Based on the available data, there was also concern that the injected waste could be migrating upwards into shallower drinking water and that the injection wells weren’t constructed properly and could be another pathway for oil waste to contaminate drinking water.
Armed with this and some help from NRDC, Mr. Samarin presented his case to the Tulare County BOS. Despite the damning evidence he provided, his appeal was denied and the oil company’s plan to stuff even more waste into the drinking water aquifer was upheld.
Mr. Samarin worked for months to bring this issue to light, only to be told that he was wrong, or crazy, or worse. He was finally vindicated last week when the State decided to shut down the injection well outside the aquifer exemption boundary, but the victory is far from complete. This is because the other worrying thing that Alex Samarin’s simple yet powerful map shows is that, while the other six wells are located within the exemption boundary, the fluids those wells are injecting may be migrating beyond it.

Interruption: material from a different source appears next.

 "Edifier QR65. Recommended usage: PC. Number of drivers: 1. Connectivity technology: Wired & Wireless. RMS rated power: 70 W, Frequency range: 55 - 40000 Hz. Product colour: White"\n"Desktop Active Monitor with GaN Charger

The map shows ¼-mile radius circles drawn around the injection wells, referred to as the “Area of Review” (AoR). Generally speaking, the AoR is the area around an injection well where drinking water may be endangered by injection activity. The use of a fixed, ¼-mile radius to represent the AoR has been heavily criticized as not being sufficiently protective of ground water, including criticism by the independent auditors who reviewed California’s injection well program in 2011 and by the U.S. Environmental Protection Agency’s own scientists. The map shows that, even using this weak standard, the AoRs of the six remaining active injection wells at the Deer Creek oil field extend beyond the boundary of the exempt portion of the aquifer. Given how close the injection wells are to the exemption boundary, it’s a reasonable hypothesis that the fluids being injected are migrating into and potentially contaminating protected drinking water.

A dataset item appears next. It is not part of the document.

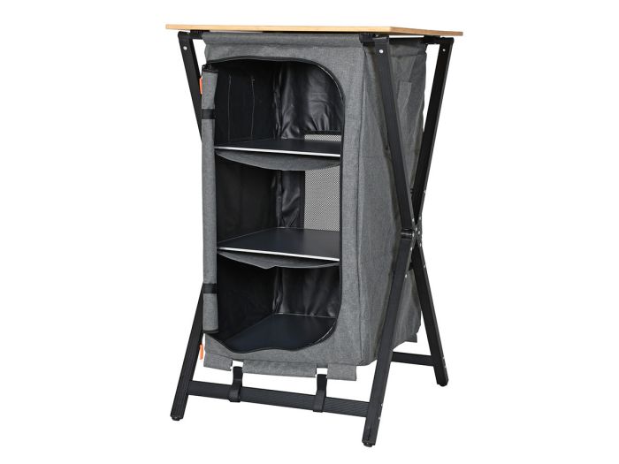 Grâce à sa conception pliable et à son sac de transport inclus, vous pouvez emporter facilement cette armoire sur n'importe quel emplacement de camping. Mesurant 60 x 57 x 98 cm, elle offre un volume de rangement surprenant tout en restant peu encombrant.

It’s also likely that Deer Creek Oil Field isn’t the only place in the state where this is happening. So, in addition to the 2,553 wells that DOGGR has identified as being located outside the boundaries of exempt aquifers, there could be hundreds or thousands more that are within the exemption boundaries, but where injected fluids could be migrating out. To be clear, that’s a violation of the rules too.
The scale and number of problems with California’s injection well program is overwhelming. We commend the State for taking the steps it has to begin fixing this mess, and for the additional steps to which it has committed itself. But a problem of this magnitude and severity demands an equally large and serious response, and in that we think the State is falling short. That is why we and others are continuing to call on the State to immediately shut down all 2,553 wells located outside the boundaries of exempt aquifers and to keep them shut down until full investigations of any water contamination – including that which may be caused by wells within the boundaries of exempt aquifers – is complete.
The primary mission of the injection well program is simple: to ensure that underground injection does not endanger drinking water. By nearly any imaginable measure, California has failed that goal.